Popped open a Cisco 2500-series router yesterday and attached loads of probes to the memory DIMM, in the hope that I could turn CPU caching off and use it to observe malloc() and free() calls natively. Ignoring the 'oh crap' moment where I miswired one of the GND pins to VCC (and melted one of my test clips), I suddenly realised that it's pretty much impossible to pick out genuine DRAM access from the DRAM refresh cycles (Which I'd somehow forgotten about). It'd be a better idea, I think, to probe directly at the host CPU, but it's a QFP (CQFP to be exact) and the pins are too closely spaced for my test probes. I don't have a test clip for QFP-132, and they are fairly expensive, so perhaps I should trace out the board it's on and attach probes to test points or even the DRAM controller, if it's not also QFP. Does anyone know much about the M68K (68030 to be exact?) AFAICT there's no hardware debug support (am I right?) unless you get an ICE, and msot people debug via a GDB target (trivia for today: the production IOS has a minimal GDB stub!)
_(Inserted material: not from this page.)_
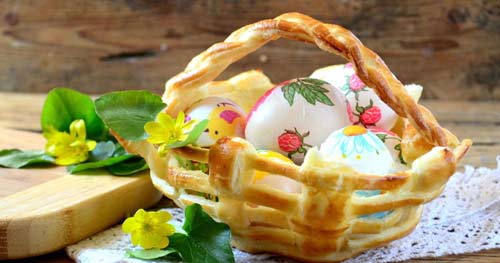 Если вы хотите украсить свой пасхальный стол не только собственными куличами, но и сложить красивые пасхальные яйца в съедобную корзинку, Батюшка Домовой предлагает вам попробовать сделать такую корзинку самостоятельно из слоеного теста. Обратите внимание, что классические корзинки делают из сдобного теста, а из слоеного они получаются менее прочными, поэтому лучше сделать несколько маленьких корзинок, если у вас много пасхальных яиц.

Work on the security scanner is slow but steady. A lot of time is taken up by me implementing what basically amounts to an x86 emulator on x86. Still can't work out why my 'ninja idea' won't work. I might try it later, but it's the kind of thing that'll only really be relevant once the project is at a much later point than it is now.

Security scanner minddump

Sun, 12 Jul 2009 20:51:15 GMT

Am sleepy but incredibly good. This is quite possibly the best way to be.

So, I promised some coherent explanation of the key parts of the security scanner last night! I've got this, which I've just scribbled now. It's not too clear, so don't be afraid to comment asking me for vital details I've forgotten about.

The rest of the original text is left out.